** Opening RAW DATA block **
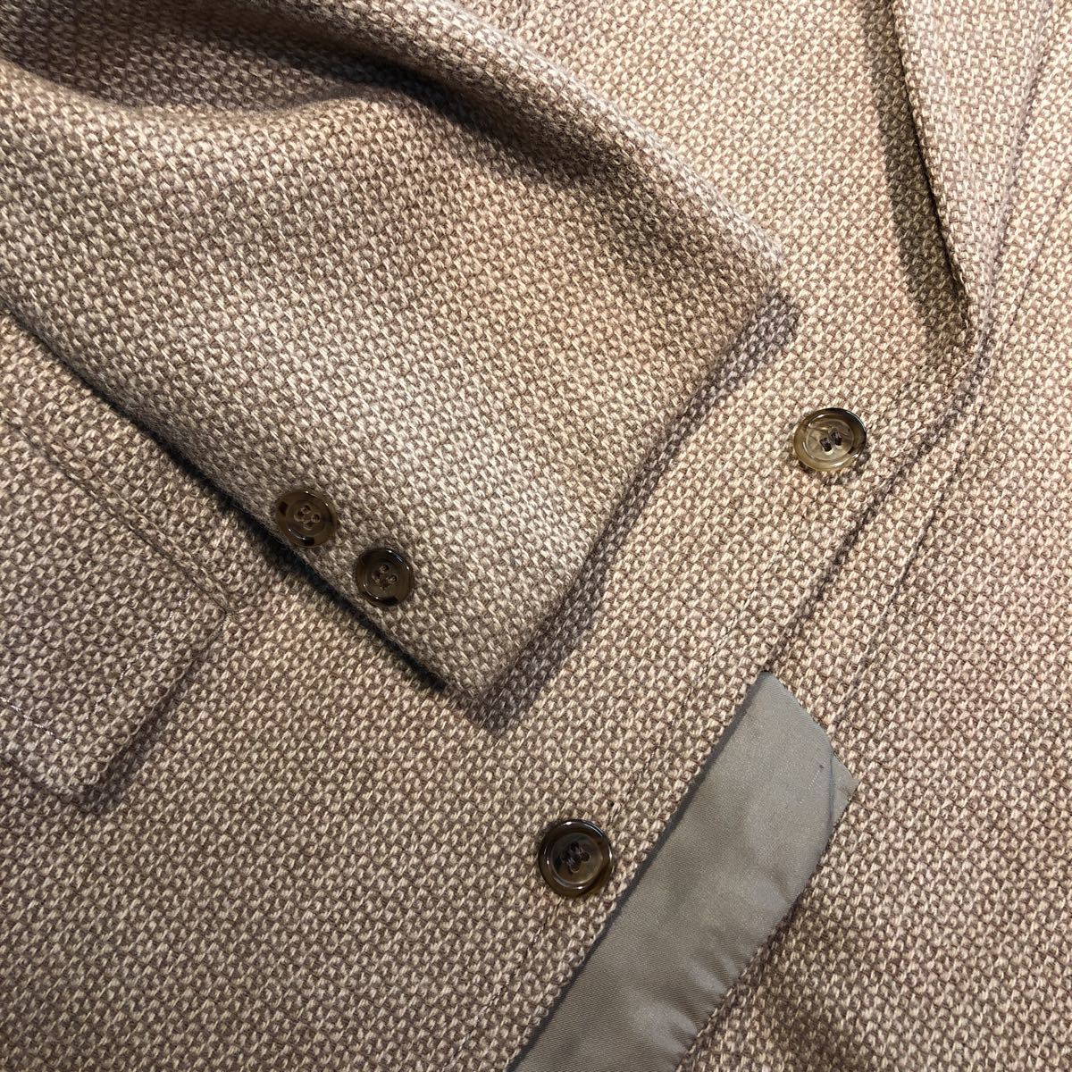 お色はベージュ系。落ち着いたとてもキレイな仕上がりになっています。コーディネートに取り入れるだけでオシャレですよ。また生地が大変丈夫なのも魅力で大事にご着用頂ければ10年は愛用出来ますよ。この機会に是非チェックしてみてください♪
** Closing RAW DATA block **
** Opening RAW DATA block **
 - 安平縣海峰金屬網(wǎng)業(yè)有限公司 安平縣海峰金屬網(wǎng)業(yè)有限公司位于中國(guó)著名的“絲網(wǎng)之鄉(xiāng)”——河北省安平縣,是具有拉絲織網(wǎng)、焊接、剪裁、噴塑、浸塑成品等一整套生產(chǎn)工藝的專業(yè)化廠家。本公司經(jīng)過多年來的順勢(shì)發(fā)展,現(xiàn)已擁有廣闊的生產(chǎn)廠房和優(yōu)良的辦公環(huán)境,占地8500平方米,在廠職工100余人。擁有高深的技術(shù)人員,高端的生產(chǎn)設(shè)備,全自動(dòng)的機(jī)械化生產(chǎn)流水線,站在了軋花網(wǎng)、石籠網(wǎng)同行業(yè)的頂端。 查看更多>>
** Closing RAW DATA block **
** Opening RAW DATA block **
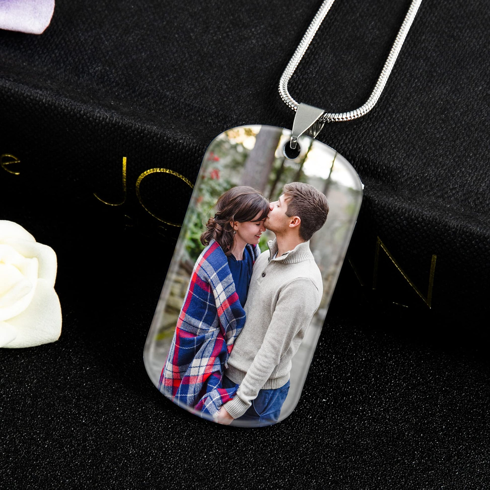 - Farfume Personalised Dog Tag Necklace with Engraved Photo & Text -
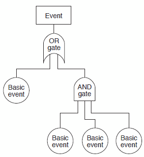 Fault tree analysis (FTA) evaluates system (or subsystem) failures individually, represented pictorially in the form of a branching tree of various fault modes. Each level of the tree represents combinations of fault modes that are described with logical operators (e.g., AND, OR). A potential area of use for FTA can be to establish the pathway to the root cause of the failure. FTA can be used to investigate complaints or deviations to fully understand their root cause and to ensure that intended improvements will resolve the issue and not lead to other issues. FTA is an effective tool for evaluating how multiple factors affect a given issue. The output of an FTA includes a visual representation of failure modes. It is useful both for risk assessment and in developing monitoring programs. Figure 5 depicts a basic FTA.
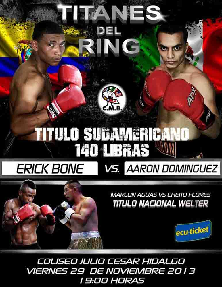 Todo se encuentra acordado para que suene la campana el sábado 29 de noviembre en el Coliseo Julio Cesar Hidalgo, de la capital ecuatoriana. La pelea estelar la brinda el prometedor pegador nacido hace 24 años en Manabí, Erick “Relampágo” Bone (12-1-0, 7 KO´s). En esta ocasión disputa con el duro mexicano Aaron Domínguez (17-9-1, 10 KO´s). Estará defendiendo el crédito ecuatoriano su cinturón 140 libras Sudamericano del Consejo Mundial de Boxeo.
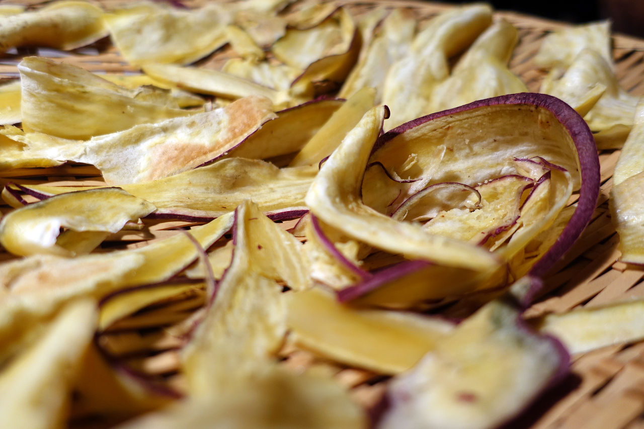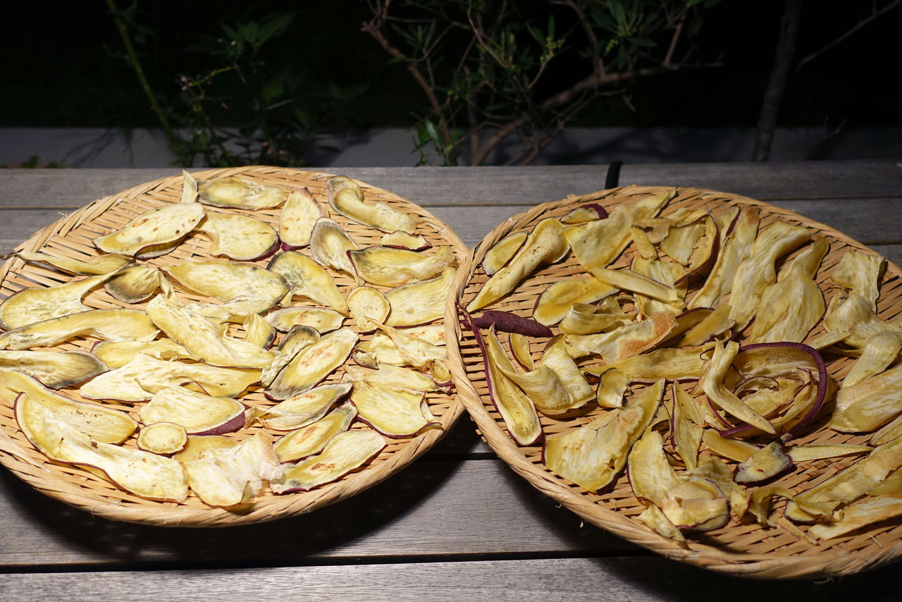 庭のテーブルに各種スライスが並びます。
** Closing RAW DATA block **
What do the entries above read from the line containing "- Farfume Personalised" through the line containing "庭のテーブルに各種スライスが並びます。"? Output those lines exactly, both ends included, with the pictures left out.

### TASK RESPONSE:
 - Farfume Personalised Dog Tag Necklace with Engraved Photo & Text -
 Fault tree analysis (FTA) evaluates system (or subsystem) failures individually, represented pictorially in the form of a branching tree of various fault modes. Each level of the tree represents combinations of fault modes that are described with logical operators (e.g., AND, OR). A potential area of use for FTA can be to establish the pathway to the root cause of the failure. FTA can be used to investigate complaints or deviations to fully understand their root cause and to ensure that intended improvements will resolve the issue and not lead to other issues. FTA is an effective tool for evaluating how multiple factors affect a given issue. The output of an FTA includes a visual representation of failure modes. It is useful both for risk assessment and in developing monitoring programs. Figure 5 depicts a basic FTA.
 Todo se encuentra acordado para que suene la campana el sábado 29 de noviembre en el Coliseo Julio Cesar Hidalgo, de la capital ecuatoriana. La pelea estelar la brinda el prometedor pegador nacido hace 24 años en Manabí, Erick “Relampágo” Bone (12-1-0, 7 KO´s). En esta ocasión disputa con el duro mexicano Aaron Domínguez (17-9-1, 10 KO´s). Estará defendiendo el crédito ecuatoriano su cinturón 140 libras Sudamericano del Consejo Mundial de Boxeo.
 庭のテーブルに各種スライスが並びます。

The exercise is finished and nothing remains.